TASK GOAL: The result should be the full listing copied exactly, with no pictures in it.

DATASET EXCERPT:
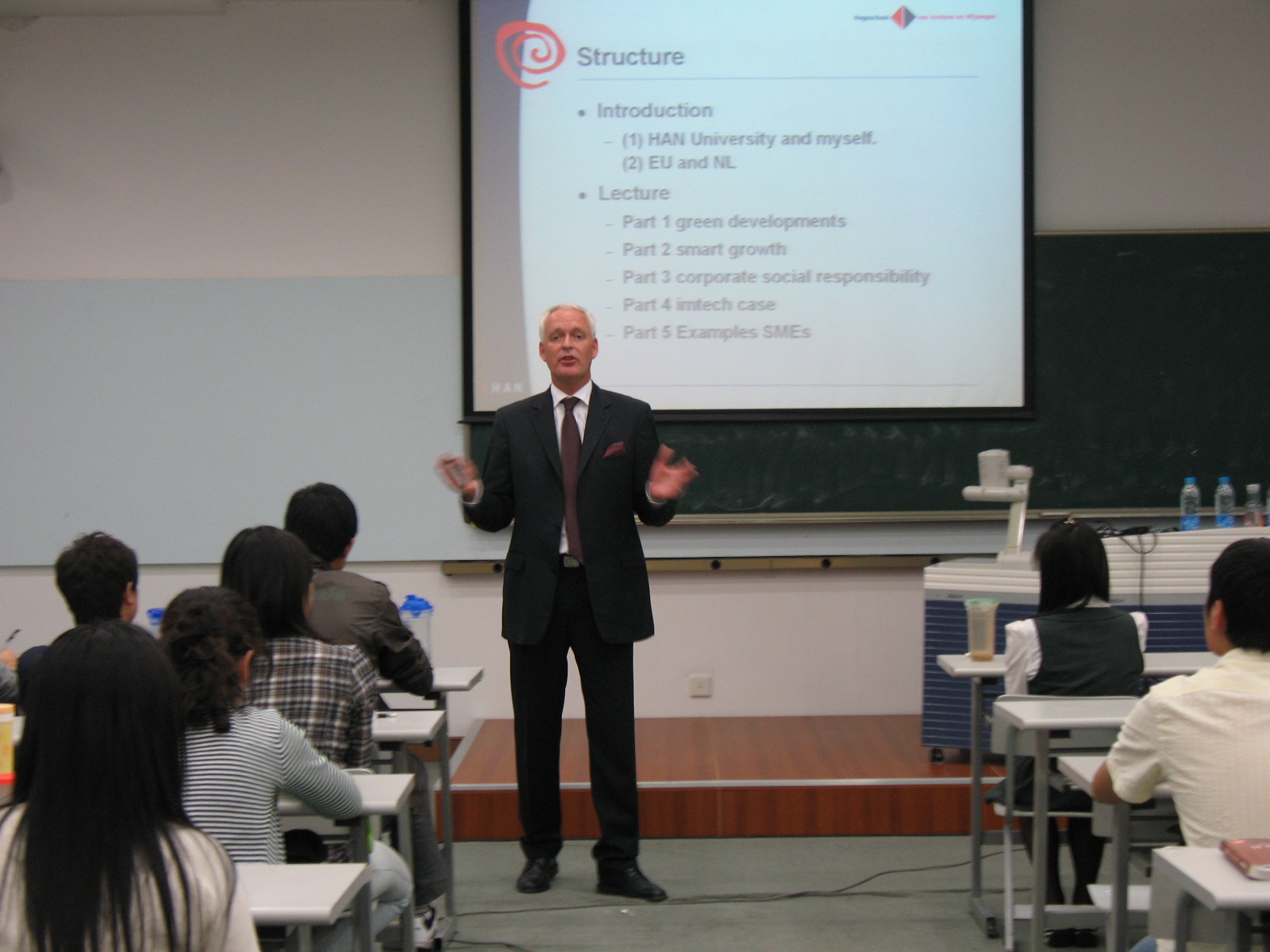 | 2009年10月15日下午6点,荷兰汉恩大学Dr.Matthieu van den Bosch在必赢626net入口首页信息楼532室为必赢626net入口首页师生作了一场题为“Issues on green development with opportunities for business”的讲座。经贸学院的部分教师和国贸专业研究生共同聆听了本次讲座。 在讲座中,Dr.Matthieu van den Bosch首先向在座的老师和同学们介绍了荷兰汉恩大学和自己的个人经历,然后从green development、smart growth、corporate social responsibility、imtech case、examples SMEs五个方面讲述了green development的重要性、必要性以及在经济发展中需要注意的问题。在整个讲座中,Dr.Matthieu van den Bosch以大量的实例来阐述了自己的观点,所引实例鲜明,见解独到,受到了在座师生的热烈响应和一致好评。 此次讲座以英语为交流语言,图文并茂的幻灯片展示开阔了大家的视野,加深了同学们对绿色发展的理解,在场的同学纷纷表示Dr.Matthieu van den Bosch的精彩演讲让他们获益匪浅。 荷兰汉恩大学位于荷兰重要的国际贸易区,目前有超过4000名学生。学校对国际课程给予了充分的重视,其中有400多名入读国际课程,超过半数的学生来自世界各地。此次Dr.Matthieu van den Bosch来为经贸学院师生做专题讲座是必赢626net入口首页与汉恩大学互派教师的一项活动,是双方交流合作的一个重要部分,为两校进一步加强合作奠定了基础。此前经贸学院国际商务专业主任舒红老师已赴荷兰为汉恩大学师生举办了讲座。 |
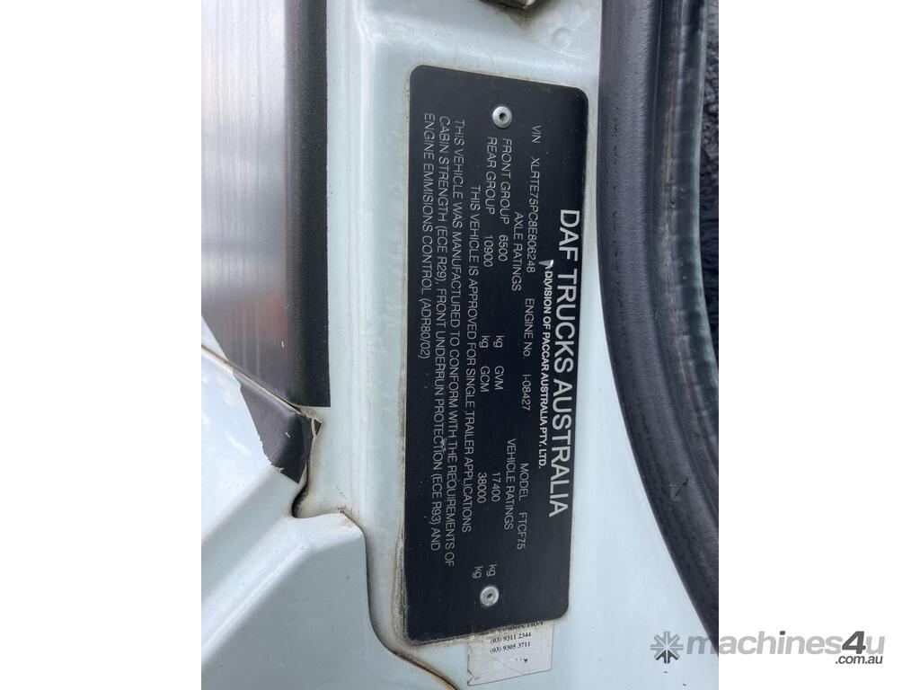 CP: 05/2008,DAF,CF7585,Table Top,Automatic,airbags ,6 Cyl,Diesel,Odometer not visible,Hourmeter not visible,Colour: White,Rego. No: NP(XB86EN), Unregistered QLD,VIN: XLRTE75PC8E806248,GVM: 17400,GCM: 38000,Sold with No Plates,WOVR Status: WOVR N/A,Incident Type: Fire
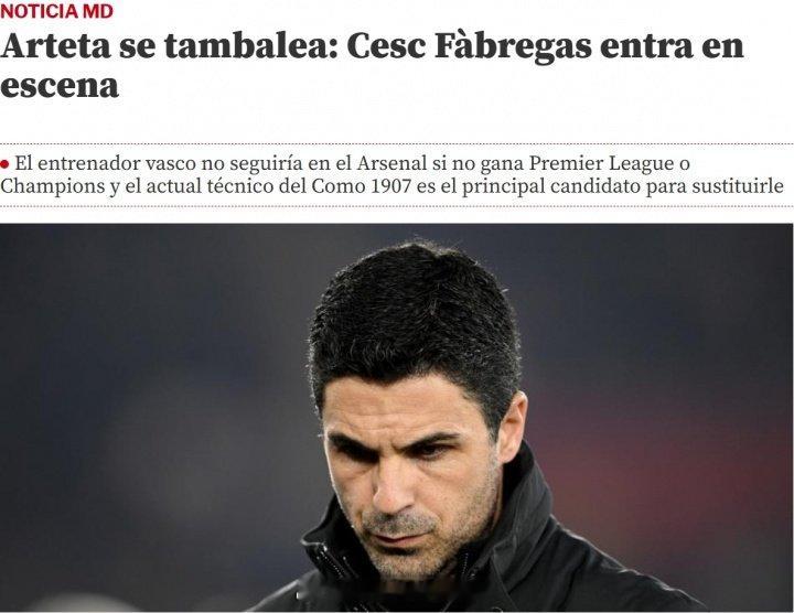 西媒《世界体育报》透露,在执教阿森纳7年后,阿尔特塔的合同将于2027年6月到期,续约谈判进行中。如果最终英超和欧冠双双落空,他的处境将发生根本性逆转。在这种情况下,阿尔特塔下赛季将不再执教阿森纳。俱乐部高层已经有了理想的替代人选,那就是法布雷加斯 阿森纳1比2伯恩茅斯 阿森纳著名教授
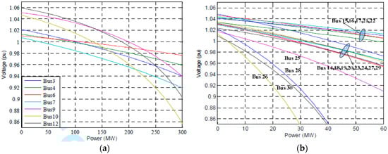 (a) Power–voltage (P-V) curves for generation areas of the IEEE 30 bus system; (b) P-V curve for loading areas of the Institute of Electrical and Electronic Engineers (IEEE) 30 bus system.

ANSWER AREA:
 | 2009年10月15日下午6点,荷兰汉恩大学Dr.Matthieu van den Bosch在必赢626net入口首页信息楼532室为必赢626net入口首页师生作了一场题为“Issues on green development with opportunities for business”的讲座。经贸学院的部分教师和国贸专业研究生共同聆听了本次讲座。 在讲座中,Dr.Matthieu van den Bosch首先向在座的老师和同学们介绍了荷兰汉恩大学和自己的个人经历,然后从green development、smart growth、corporate social responsibility、imtech case、examples SMEs五个方面讲述了green development的重要性、必要性以及在经济发展中需要注意的问题。在整个讲座中,Dr.Matthieu van den Bosch以大量的实例来阐述了自己的观点,所引实例鲜明,见解独到,受到了在座师生的热烈响应和一致好评。 此次讲座以英语为交流语言,图文并茂的幻灯片展示开阔了大家的视野,加深了同学们对绿色发展的理解,在场的同学纷纷表示Dr.Matthieu van den Bosch的精彩演讲让他们获益匪浅。 荷兰汉恩大学位于荷兰重要的国际贸易区,目前有超过4000名学生。学校对国际课程给予了充分的重视,其中有400多名入读国际课程,超过半数的学生来自世界各地。此次Dr.Matthieu van den Bosch来为经贸学院师生做专题讲座是必赢626net入口首页与汉恩大学互派教师的一项活动,是双方交流合作的一个重要部分,为两校进一步加强合作奠定了基础。此前经贸学院国际商务专业主任舒红老师已赴荷兰为汉恩大学师生举办了讲座。 |
 CP: 05/2008,DAF,CF7585,Table Top,Automatic,airbags ,6 Cyl,Diesel,Odometer not visible,Hourmeter not visible,Colour: White,Rego. No: NP(XB86EN), Unregistered QLD,VIN: XLRTE75PC8E806248,GVM: 17400,GCM: 38000,Sold with No Plates,WOVR Status: WOVR N/A,Incident Type: Fire
 西媒《世界体育报》透露,在执教阿森纳7年后,阿尔特塔的合同将于2027年6月到期,续约谈判进行中。如果最终英超和欧冠双双落空,他的处境将发生根本性逆转。在这种情况下,阿尔特塔下赛季将不再执教阿森纳。俱乐部高层已经有了理想的替代人选,那就是法布雷加斯 阿森纳1比2伯恩茅斯 阿森纳著名教授
 (a) Power–voltage (P-V) curves for generation areas of the IEEE 30 bus system; (b) P-V curve for loading areas of the Institute of Electrical and Electronic Engineers (IEEE) 30 bus system.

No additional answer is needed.